(INFORMATION PROVIDED)

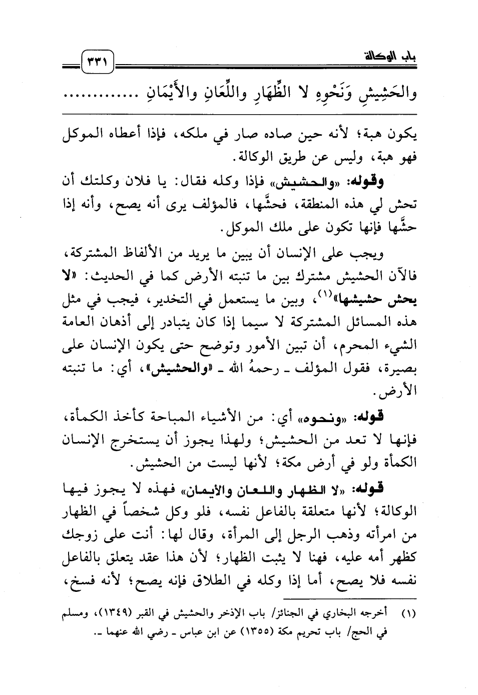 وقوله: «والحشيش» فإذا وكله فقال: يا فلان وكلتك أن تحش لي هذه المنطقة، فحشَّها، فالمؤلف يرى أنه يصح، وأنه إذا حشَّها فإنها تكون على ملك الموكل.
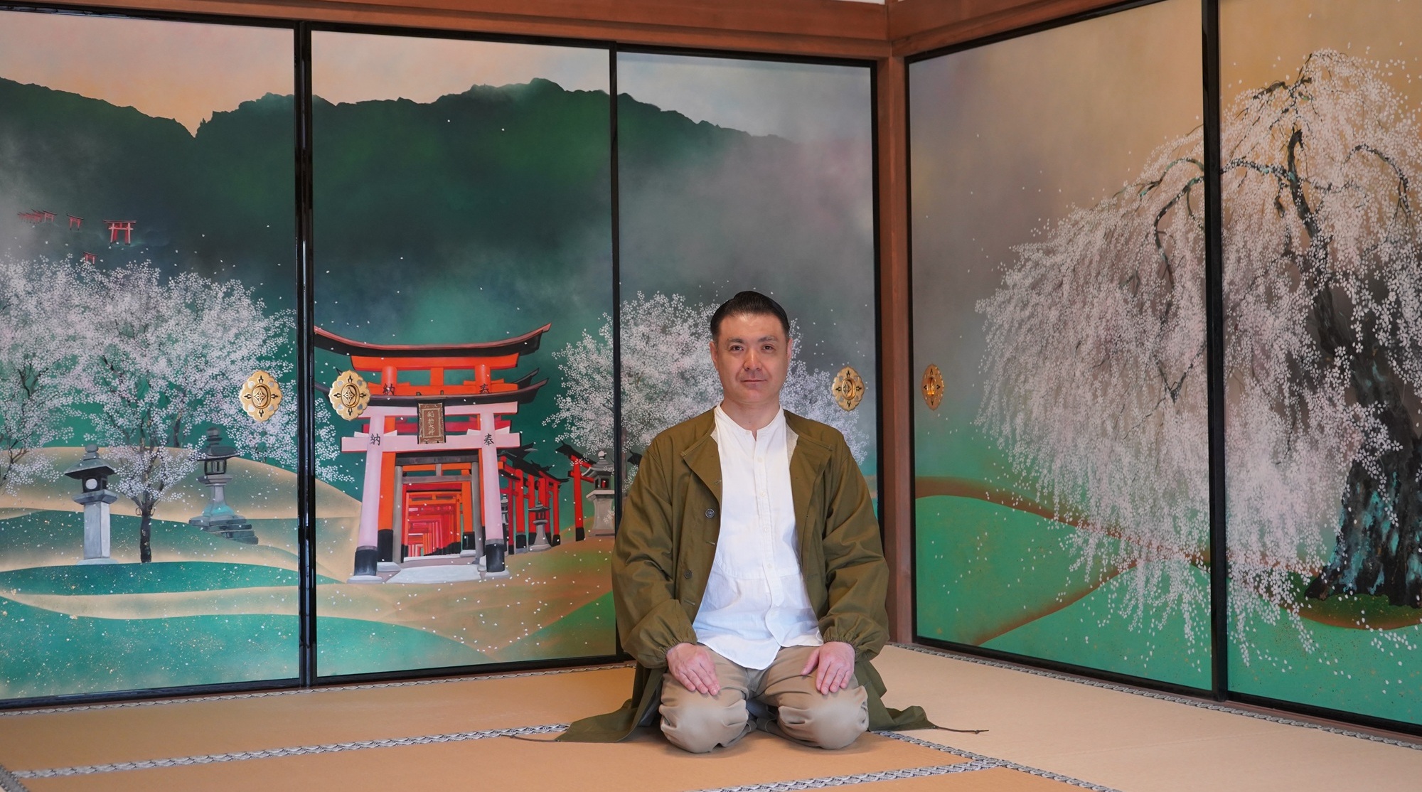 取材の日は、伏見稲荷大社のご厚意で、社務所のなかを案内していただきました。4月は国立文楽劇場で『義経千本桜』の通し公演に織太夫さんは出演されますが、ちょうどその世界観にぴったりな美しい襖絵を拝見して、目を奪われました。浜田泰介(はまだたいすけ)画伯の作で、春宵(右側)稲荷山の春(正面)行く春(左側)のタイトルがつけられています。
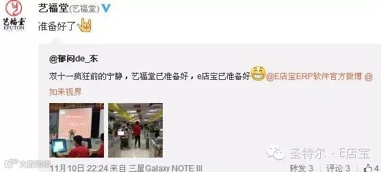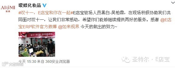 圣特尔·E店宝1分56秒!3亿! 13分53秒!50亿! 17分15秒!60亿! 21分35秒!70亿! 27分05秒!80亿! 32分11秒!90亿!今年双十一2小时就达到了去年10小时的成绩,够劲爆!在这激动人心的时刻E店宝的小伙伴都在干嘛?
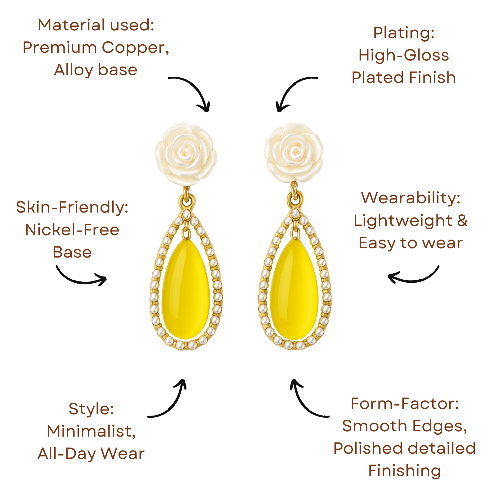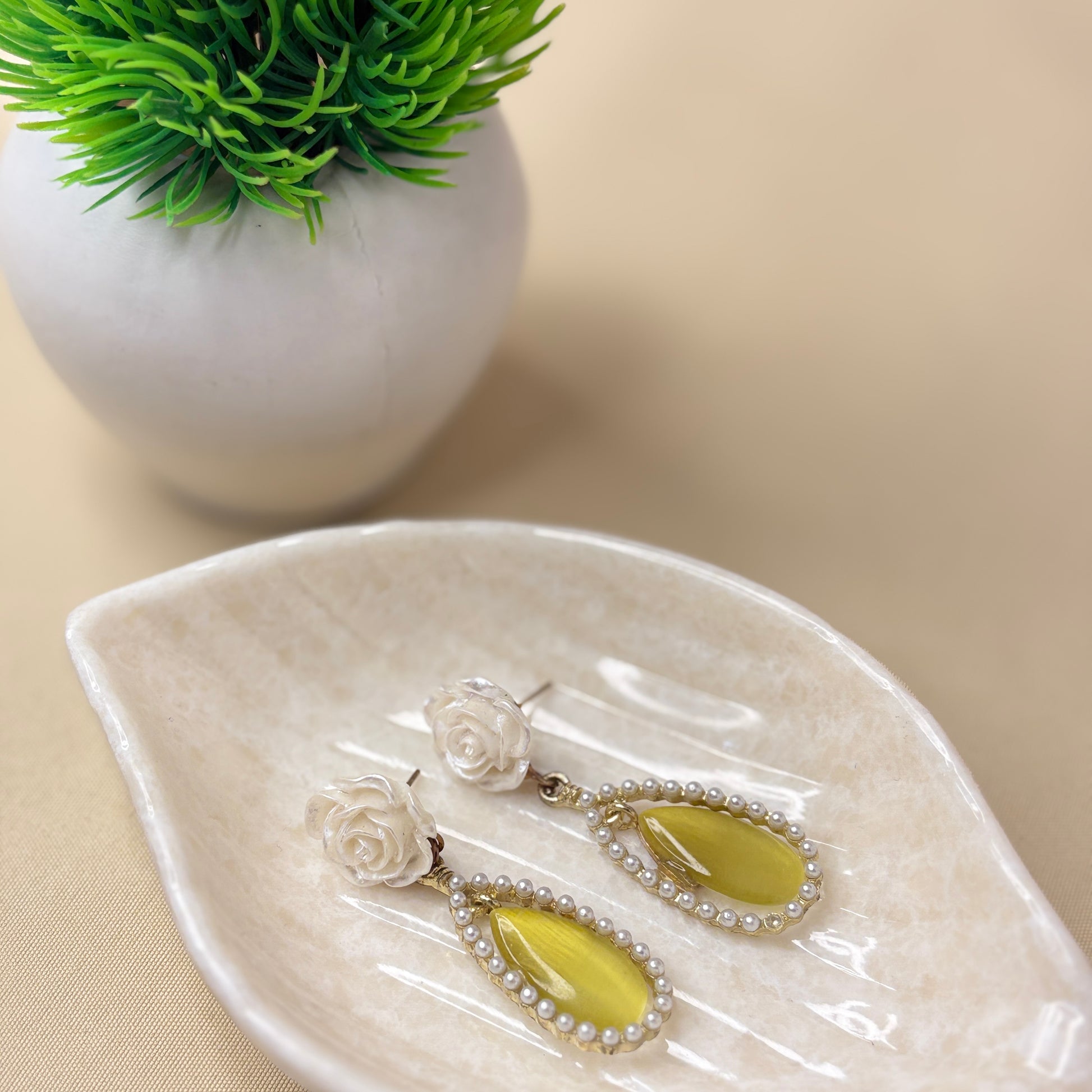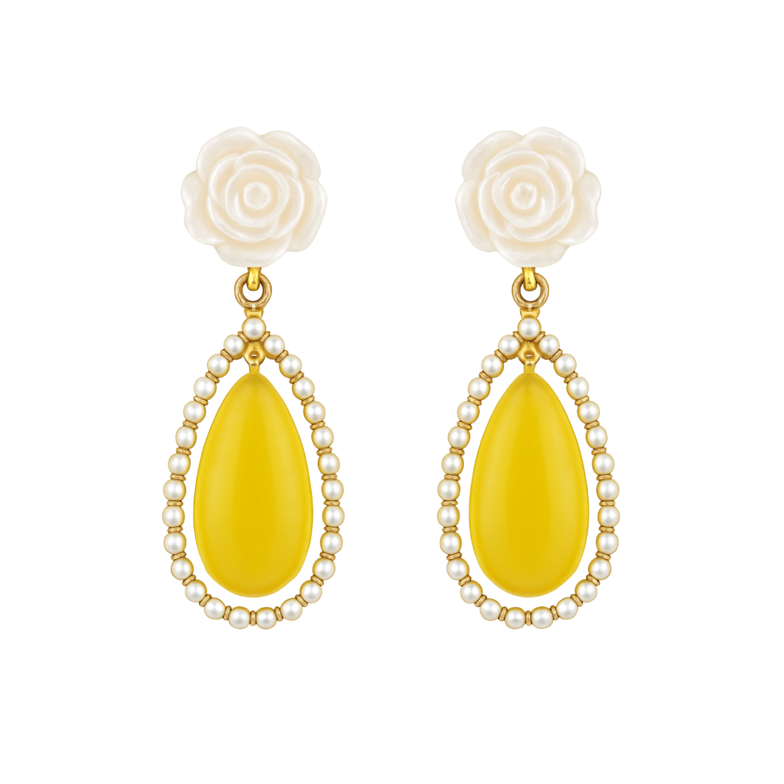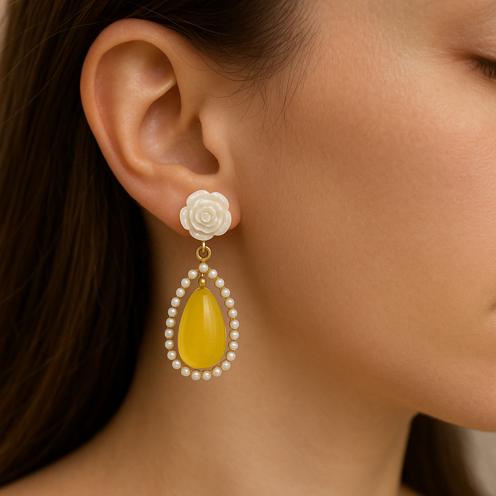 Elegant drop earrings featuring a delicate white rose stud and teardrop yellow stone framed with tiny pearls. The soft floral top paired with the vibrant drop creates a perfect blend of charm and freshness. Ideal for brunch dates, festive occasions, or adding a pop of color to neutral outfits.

(End INFORMATION PROVIDED)

__WHAT YOU WILL DO__: The required answer is an exact, picture-free copy of the lines from the opening of the listing above through the line with "圣特尔·E店宝1分56秒!3亿! 13分53秒!50亿! 17分15秒!60亿!".

__OUTPUT OF THE EXERCISE__:
 وقوله: «والحشيش» فإذا وكله فقال: يا فلان وكلتك أن تحش لي هذه المنطقة، فحشَّها، فالمؤلف يرى أنه يصح، وأنه إذا حشَّها فإنها تكون على ملك الموكل.
 取材の日は、伏見稲荷大社のご厚意で、社務所のなかを案内していただきました。4月は国立文楽劇場で『義経千本桜』の通し公演に織太夫さんは出演されますが、ちょうどその世界観にぴったりな美しい襖絵を拝見して、目を奪われました。浜田泰介(はまだたいすけ)画伯の作で、春宵(右側)稲荷山の春(正面)行く春(左側)のタイトルがつけられています。
 圣特尔·E店宝1分56秒!3亿! 13分53秒!50亿! 17分15秒!60亿! 21分35秒!70亿! 27分05秒!80亿! 32分11秒!90亿!今年双十一2小时就达到了去年10小时的成绩,够劲爆!在这激动人心的时刻E店宝的小伙伴都在干嘛?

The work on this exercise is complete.